Task directions → Restate the data below word for word, omitting pictures.

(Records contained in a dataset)
◇ ◇ ◇

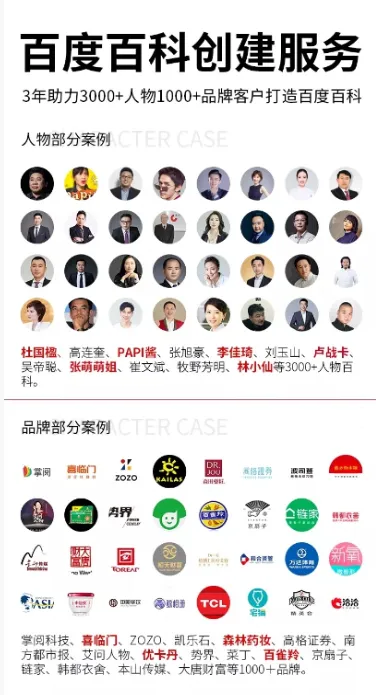 帮助10万个CEO建立百度百科,提升网络知名度,目前已完成8000+
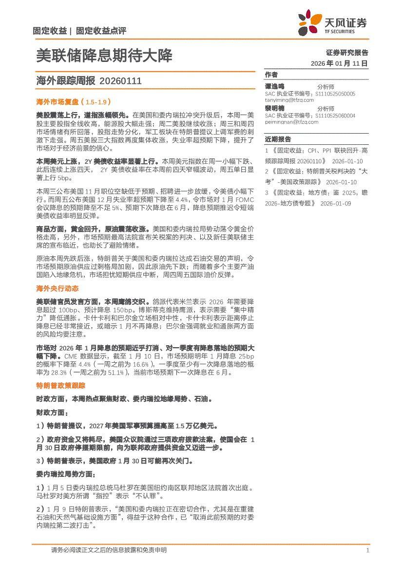 天风证券-海外跟踪周报:美联储降息期待大降-260111
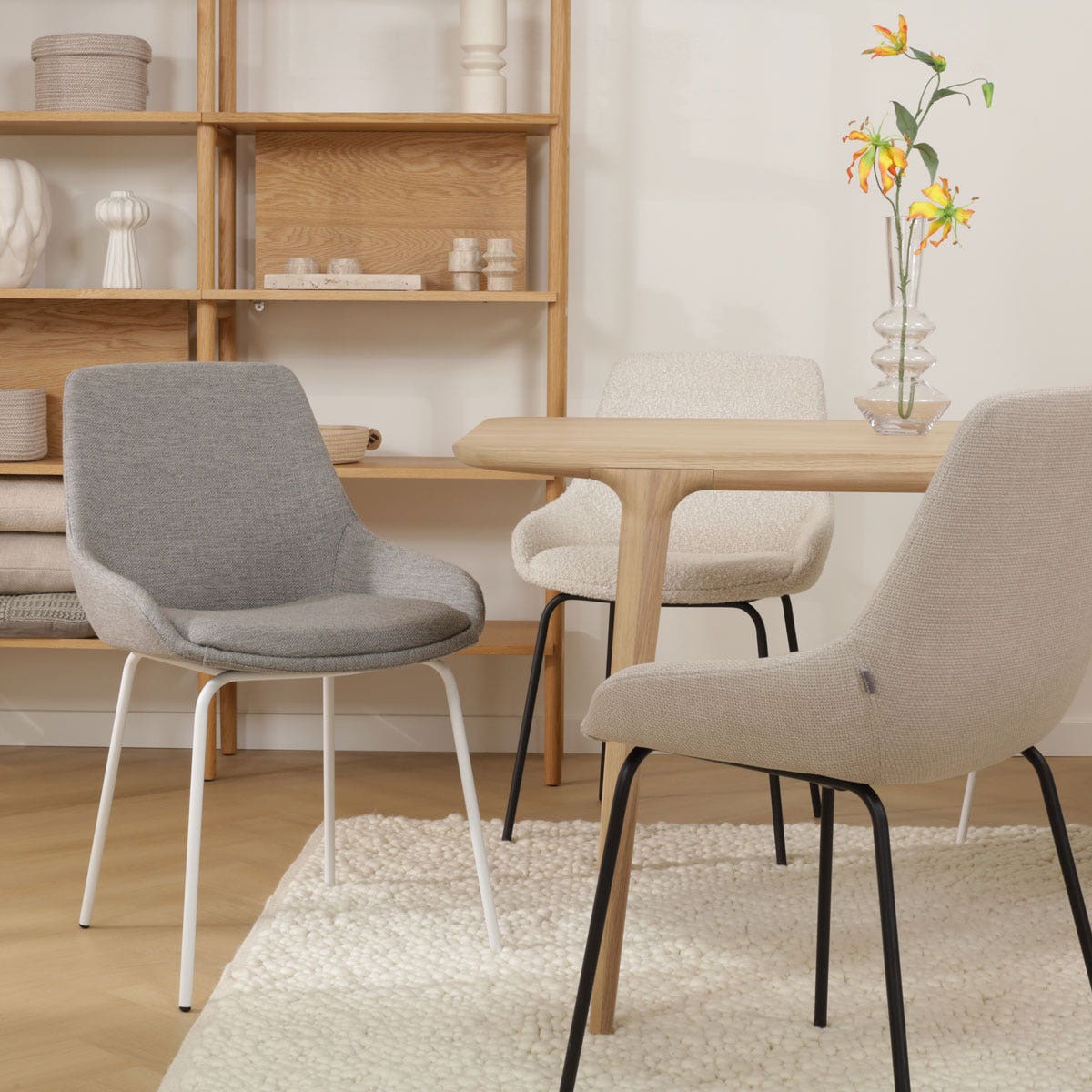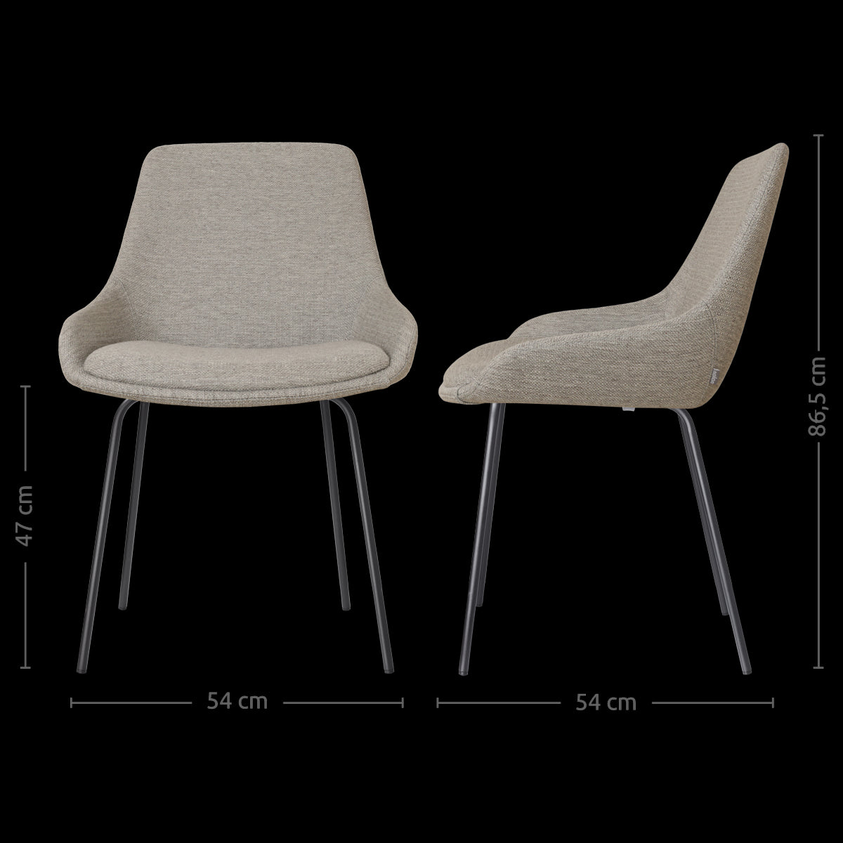 De Nora-Isa eetkamerstoel warm grijs - zwart onderstel is onderdeel van een mix en match collectie. Dit betekent dat zowel het onderstel als de zitting van deze stoel in diverse andere combinaties verkrijgbaar zijn. Zo is de stoel met een wit onderstel en een zwart onderstel verkrijgbaar in de kleuren bouclé taupe, beige, warm grijs, bruin, beige gemêleerd en in het groen. Met het zwarte onderstel biedt de collectie ook bouclé beige en bouclé taupe. Deze varianten bieden voldoende keuze om verschillende interieurstijlen te complementeren en persoonlijke voorkeuren te weerspiegelen.| Afmetingen | |
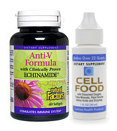 รักษาไวรัส แบคทีเรีย เชื้อรา ด้วยชุดอาหารเสริมคุณภาพสูง จากสหรัฐอเมริกา CELLFOOD + Anti-V สรรพคุณ: * ช่วยต่อต้านเชื้อไวรัสทุกชนิด รวมถึงเชื้อแบคทีเรีย เชื้อรา * เสริมสร้างภูมิต้านทานร่างกายให้แข็งแกร
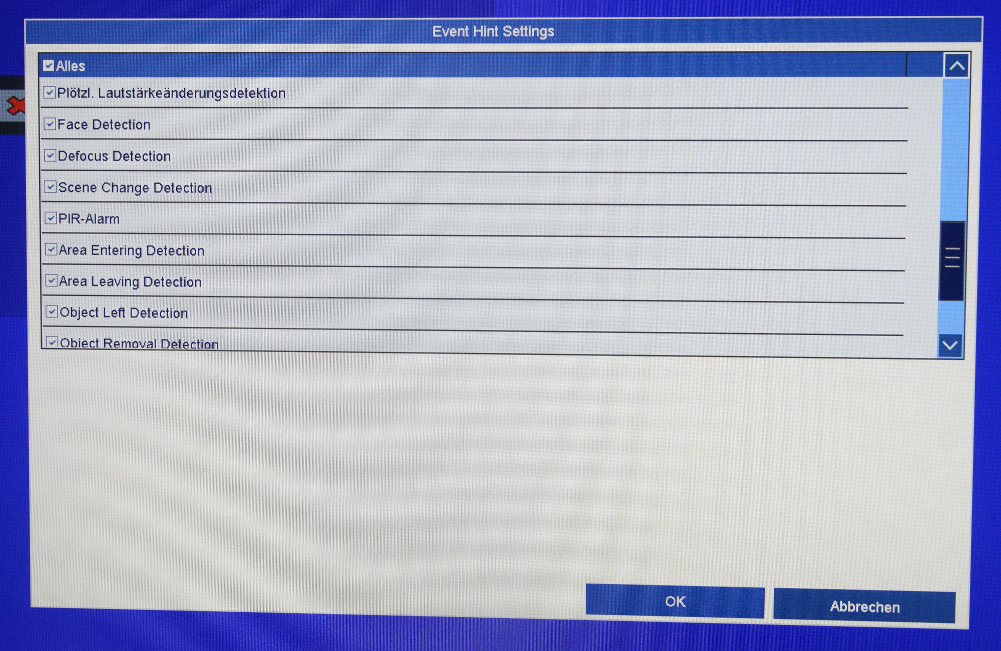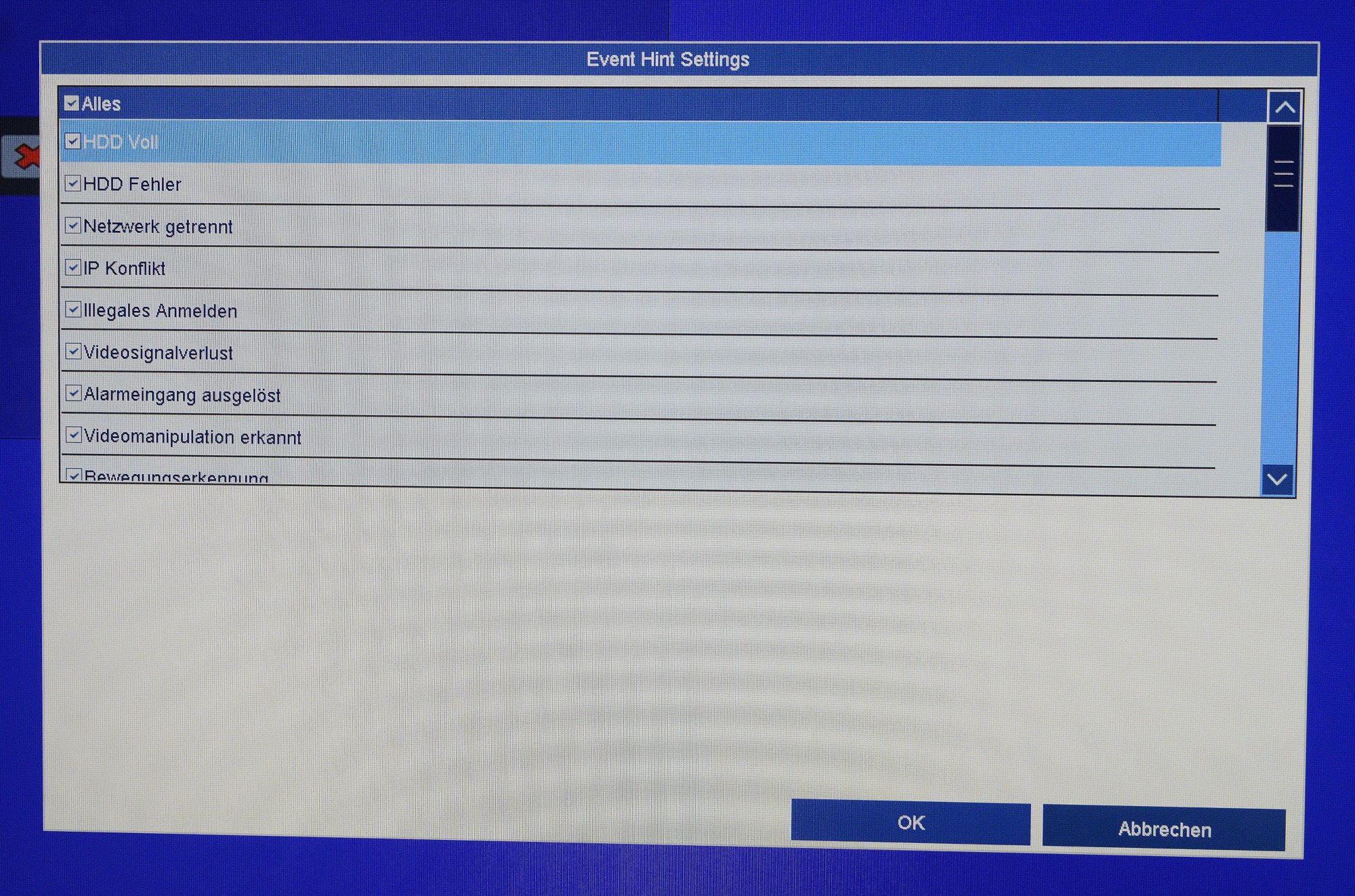 Gut: Wenn die Netzwerkverbindung unterbrochen ist, gibt es am Bildschirm sofort eine Fehlermeldung. Überhaupt ist das Gerät bei Fehlermeldungen gut aufgestellt. In den „Event Hint“-Einstellungen gibt es eine Vielzahl von Anpassungsmöglichkeiten. Alarmmeldungen kann der Bildschirm beispielsweise ausgeben, wenn jemand einen Raum betritt, wenn er ihn verlässt oder wenn eine Video-Manipulation oder eine Veränderung der Umgebungslautstärke erkannt wird. Abus bietet hier zahlreiche Optionen, die allerdings nicht von jeder Kamera vollumfänglich unterstützt werden.
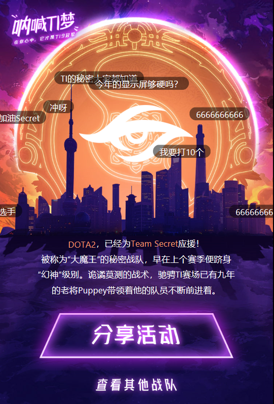 点击“分享活动”,即可告诉其他人你喜爱的战队是哪支!为支持的战队加油助威,在你心中,TA就是TI9冠军!
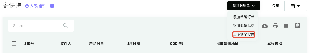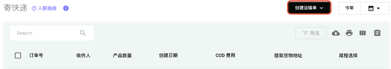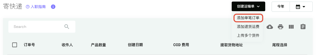如需创建单笔订单,请点击侧边栏菜单中的创建运输单,然后选择“单笔创建”按钮。

◇ ◇ ◇

Answer for this exercise →
 帮助10万个CEO建立百度百科,提升网络知名度,目前已完成8000+
 天风证券-海外跟踪周报:美联储降息期待大降-260111
 De Nora-Isa eetkamerstoel warm grijs - zwart onderstel is onderdeel van een mix en match collectie. Dit betekent dat zowel het onderstel als de zitting van deze stoel in diverse andere combinaties verkrijgbaar zijn. Zo is de stoel met een wit onderstel en een zwart onderstel verkrijgbaar in de kleuren bouclé taupe, beige, warm grijs, bruin, beige gemêleerd en in het groen. Met het zwarte onderstel biedt de collectie ook bouclé beige en bouclé taupe. Deze varianten bieden voldoende keuze om verschillende interieurstijlen te complementeren en persoonlijke voorkeuren te weerspiegelen.| Afmetingen | |
 รักษาไวรัส แบคทีเรีย เชื้อรา ด้วยชุดอาหารเสริมคุณภาพสูง จากสหรัฐอเมริกา CELLFOOD + Anti-V สรรพคุณ: * ช่วยต่อต้านเชื้อไวรัสทุกชนิด รวมถึงเชื้อแบคทีเรีย เชื้อรา * เสริมสร้างภูมิต้านทานร่างกายให้แข็งแกร
 Gut: Wenn die Netzwerkverbindung unterbrochen ist, gibt es am Bildschirm sofort eine Fehlermeldung. Überhaupt ist das Gerät bei Fehlermeldungen gut aufgestellt. In den „Event Hint“-Einstellungen gibt es eine Vielzahl von Anpassungsmöglichkeiten. Alarmmeldungen kann der Bildschirm beispielsweise ausgeben, wenn jemand einen Raum betritt, wenn er ihn verlässt oder wenn eine Video-Manipulation oder eine Veränderung der Umgebungslautstärke erkannt wird. Abus bietet hier zahlreiche Optionen, die allerdings nicht von jeder Kamera vollumfänglich unterstützt werden.
 点击“分享活动”,即可告诉其他人你喜爱的战队是哪支!为支持的战队加油助威,在你心中,TA就是TI9冠军!
如需创建单笔订单,请点击侧边栏菜单中的创建运输单,然后选择“单笔创建”按钮。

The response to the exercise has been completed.